* _DATA EXTRACT_:
= = = =

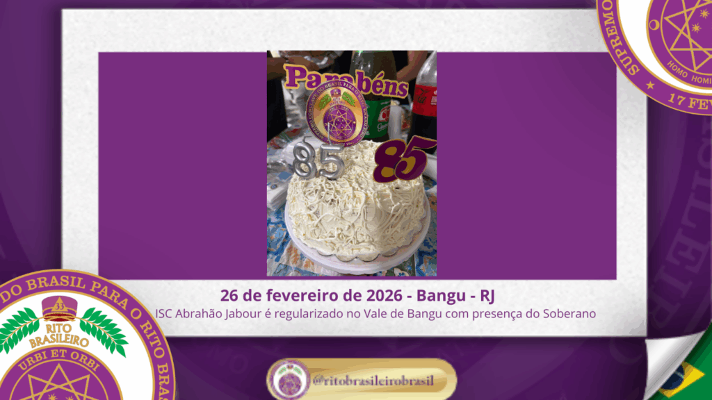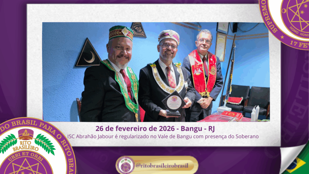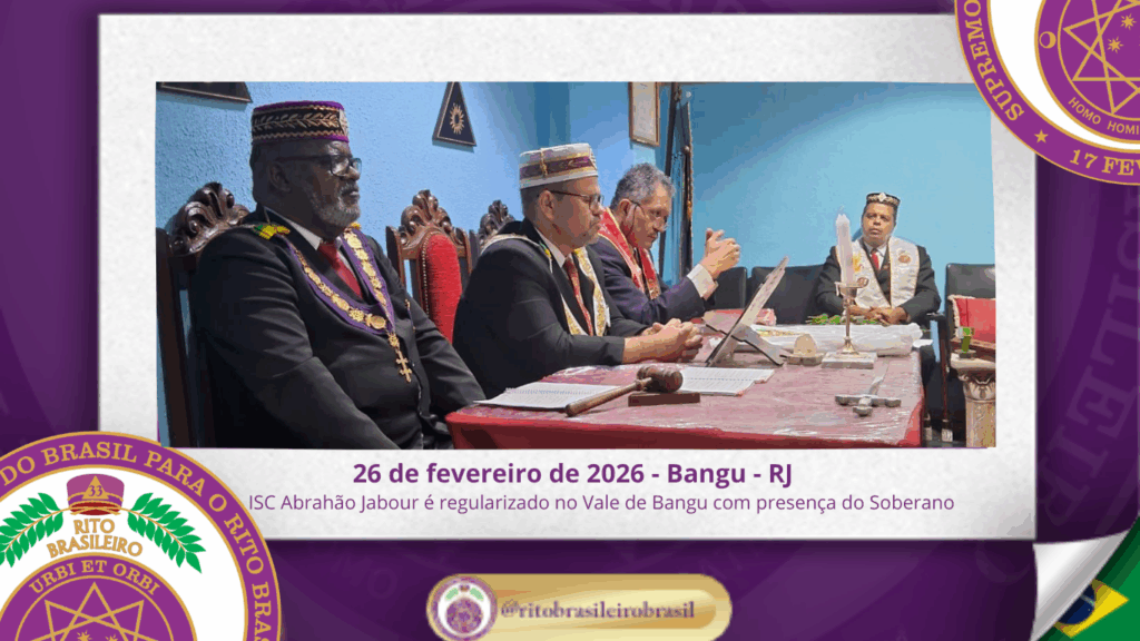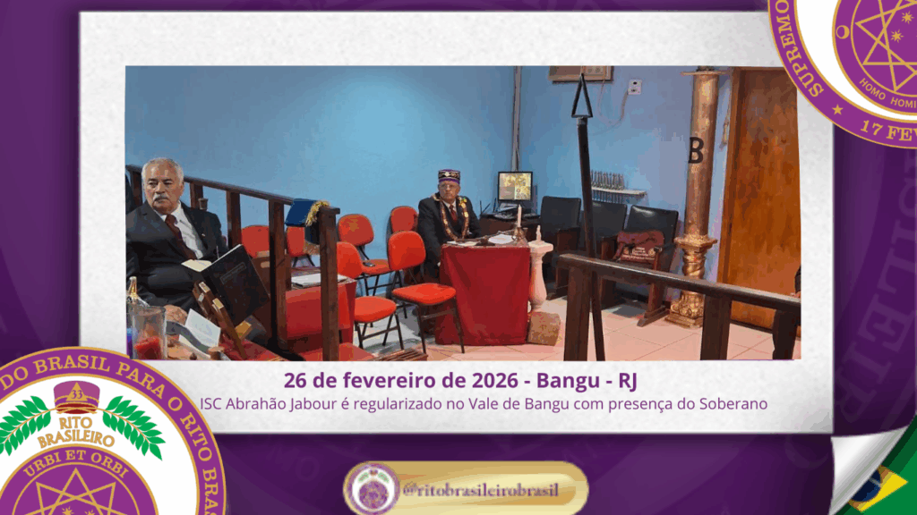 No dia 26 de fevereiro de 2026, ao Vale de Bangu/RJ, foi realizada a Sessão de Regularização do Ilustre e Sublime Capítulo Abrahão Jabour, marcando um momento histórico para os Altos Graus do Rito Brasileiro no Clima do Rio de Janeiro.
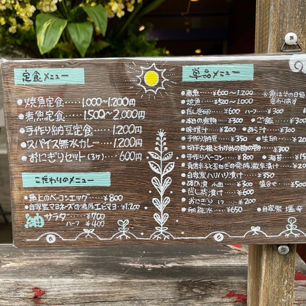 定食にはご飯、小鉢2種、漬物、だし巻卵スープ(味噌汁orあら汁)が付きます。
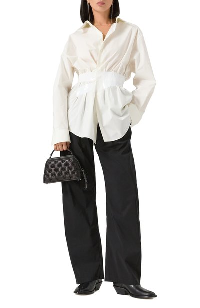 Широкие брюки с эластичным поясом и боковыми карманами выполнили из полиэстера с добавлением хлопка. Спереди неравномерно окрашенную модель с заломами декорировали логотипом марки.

= = = =

* _ASSIGNMENT_: Images are to be omitted; repeat the remaining data above exactly.

* _WORKED SOLUTION_:
 No dia 26 de fevereiro de 2026, ao Vale de Bangu/RJ, foi realizada a Sessão de Regularização do Ilustre e Sublime Capítulo Abrahão Jabour, marcando um momento histórico para os Altos Graus do Rito Brasileiro no Clima do Rio de Janeiro.
 定食にはご飯、小鉢2種、漬物、だし巻卵スープ(味噌汁orあら汁)が付きます。
 Широкие брюки с эластичным поясом и боковыми карманами выполнили из полиэстера с добавлением хлопка. Спереди неравномерно окрашенную модель с заломами декорировали логотипом марки.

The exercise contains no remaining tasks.